To understand the effects on the change in WM after 2 years (developmental sample) and after training (training sample), we subtracted baseline WM from the follow-up WM to obtain the variable WM change. We then used a general linear model (here called “WM change model”) with WM change as the outcome and the predictors: sample (developmental or training), baseline age, gender, cogPGS, age x sample, and cogPGS x sample. The model showed no effect of gender on the change in WM ( p  = 0.09). We also found that there was no main effect of age on the change in WM ( p  = 0.16), but an interaction of age with the type of sample ( p  = 0.04). For the developmental sample, younger participants changed more than older participants. This pattern was inversed in the training sample, with older participants improving more from the training.

Effect of polygenic scores for cognitive performance on WM

Using the baseline WM model, we found that cogPGS significantly explained the baseline variation in WM (β = 0.10, p  = 0.03).
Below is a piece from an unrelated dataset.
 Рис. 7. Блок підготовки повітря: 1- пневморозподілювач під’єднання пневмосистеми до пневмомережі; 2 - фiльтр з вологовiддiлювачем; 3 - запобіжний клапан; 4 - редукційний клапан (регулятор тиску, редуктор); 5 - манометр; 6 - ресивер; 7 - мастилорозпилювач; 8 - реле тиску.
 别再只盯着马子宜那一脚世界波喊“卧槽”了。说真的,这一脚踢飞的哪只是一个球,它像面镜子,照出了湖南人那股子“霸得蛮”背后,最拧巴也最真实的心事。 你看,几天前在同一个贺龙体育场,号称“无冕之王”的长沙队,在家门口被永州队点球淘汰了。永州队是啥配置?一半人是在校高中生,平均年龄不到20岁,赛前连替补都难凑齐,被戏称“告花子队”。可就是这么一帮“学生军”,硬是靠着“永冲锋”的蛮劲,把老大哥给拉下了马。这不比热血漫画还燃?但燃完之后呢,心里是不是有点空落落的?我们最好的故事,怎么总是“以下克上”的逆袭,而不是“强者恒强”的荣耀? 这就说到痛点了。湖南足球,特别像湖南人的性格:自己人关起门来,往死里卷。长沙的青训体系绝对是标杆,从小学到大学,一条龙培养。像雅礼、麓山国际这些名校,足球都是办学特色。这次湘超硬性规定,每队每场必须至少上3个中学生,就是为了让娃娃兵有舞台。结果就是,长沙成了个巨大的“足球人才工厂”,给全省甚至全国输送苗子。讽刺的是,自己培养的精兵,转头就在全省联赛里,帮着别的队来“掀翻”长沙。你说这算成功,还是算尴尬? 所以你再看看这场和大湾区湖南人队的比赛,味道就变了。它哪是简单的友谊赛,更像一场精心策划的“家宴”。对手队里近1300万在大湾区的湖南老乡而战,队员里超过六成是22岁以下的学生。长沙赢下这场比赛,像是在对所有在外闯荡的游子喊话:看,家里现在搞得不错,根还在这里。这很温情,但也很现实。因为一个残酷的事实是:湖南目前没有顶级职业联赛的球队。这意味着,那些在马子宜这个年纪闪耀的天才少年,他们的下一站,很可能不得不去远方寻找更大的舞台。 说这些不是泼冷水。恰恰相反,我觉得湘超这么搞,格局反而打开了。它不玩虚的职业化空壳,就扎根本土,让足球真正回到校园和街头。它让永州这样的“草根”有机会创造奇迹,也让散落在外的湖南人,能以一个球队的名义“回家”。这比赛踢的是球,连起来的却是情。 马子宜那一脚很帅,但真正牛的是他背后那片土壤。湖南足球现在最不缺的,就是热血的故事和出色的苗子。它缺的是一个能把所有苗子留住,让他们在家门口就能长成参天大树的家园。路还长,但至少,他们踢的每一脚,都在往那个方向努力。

That translates into 1.0% of variance explained by cogPGS after accounting for the effect of gender and age differences. As described in Methods, note that this polygenic prediction is already controlled for population stratification, genotyping chip, and batch type (done during quality control of genotype data before obtaining the cogPGS), as well as gender and age (in the baseline WM model for prediction).

Finally, we tested our main hypothesis: if cogPGS is related to interindividual differences in change in development and training and, if so, whether there are significant differences between training and development. The change in WM in both developmental and training samples can be seen in Fig. 2 . The WM change model showed that cogPGS significantly explained interindividual differences in WM change (β = 0.15, p  = 0.04), with 2.2% of variance explained after accounting for the effect of gender, age, sample, and the interactions. Importantly, there was no interaction of cogPGS with sample ( p  = 0.46), which suggests that the effect of cogPGS does not depend on the sample being developmental or training.

figure 2

The WM change variable is the subtracted baseline WM from the follow-up WM in each sample and then separately standardized (mean of zero and standard deviation of 1). Values of zero represent the mean change in each sample. Values of cogPGS are also standardized to have a mean of zero and a standard deviation of one. Shades represent 95% confidence intervals.
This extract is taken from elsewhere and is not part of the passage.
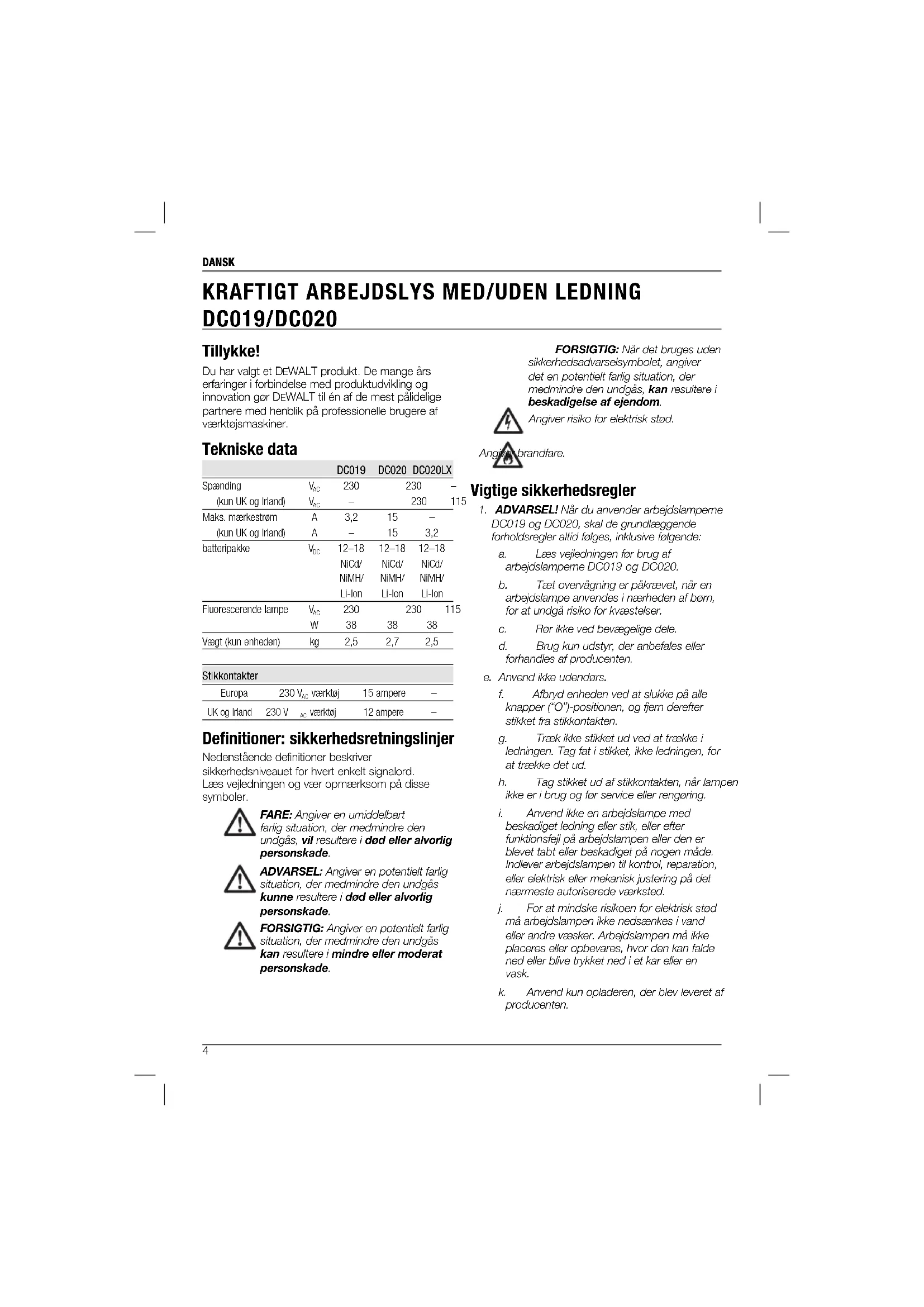 beskadiget ledning eller stik, eller efter funktionsfejl på arbejdslampen eller den er blevet tabt eller beskadiget på nogen måde. Indlever arbejdslampen til kontrol, reparation, eller elektrisk eller mekanisk justering på det nærmeste autoriserede værksted. j. For at mindske risikoen for elektrisk stød må arbejdslampen ikke nedsænkes i vand eller andre væsker. Arbejdslampen må ikke placeres eller opbevares, hvor den kan falde ned eller blive trykket ned i et kar eller en vask. k. Anvend kun opladeren, der blev leveret af producenten. Tillykke! Du har valgt et DEWALT produkt. De mange års erfaringer i forbindelse med produktudvikling og innovation gør D EWALT til én af de mest pålidelige partnere med henblik på professionelle brugere af værktøjsmaskiner. Tekniske data DC019 DC020 DC020LX Spænding V

To check the consistency of our results, we reanalyzed our data with the following modifications: (1) Removing outliers with a WM change score beyond three standard deviations from the mean (five participants in total); (2) Using standardized age in each of the samples separately. In the original analyses, we used actual age—even though the two samples have around the same mean age, differences in standard deviation could have mattered. Reanalyses with these modifications (separately and combined) confirmed our main finding: that PGS has a significant association to change in WM (all p  < 0.01), but there was no interaction between PGS and group.

The role of genetic factors in modulating the effect of experiences in cognitive development is a key question in developmental psychology, behavior genetics, and cognitive neuroscience. Here we showed that the amount of WM change in both a longitudinal sample of typical development and an intervention sample of cognitive training is in part explained by the same polygenic score (a set of genetic markers known to explain variation in cognitive performance at a single time point 22 ). This genetic variation in plasticity, or malleability, is a pattern that in evolutionary biology has been considered a hallmark of flexible genes interplaying with new, unexpected environments 30 , 31 .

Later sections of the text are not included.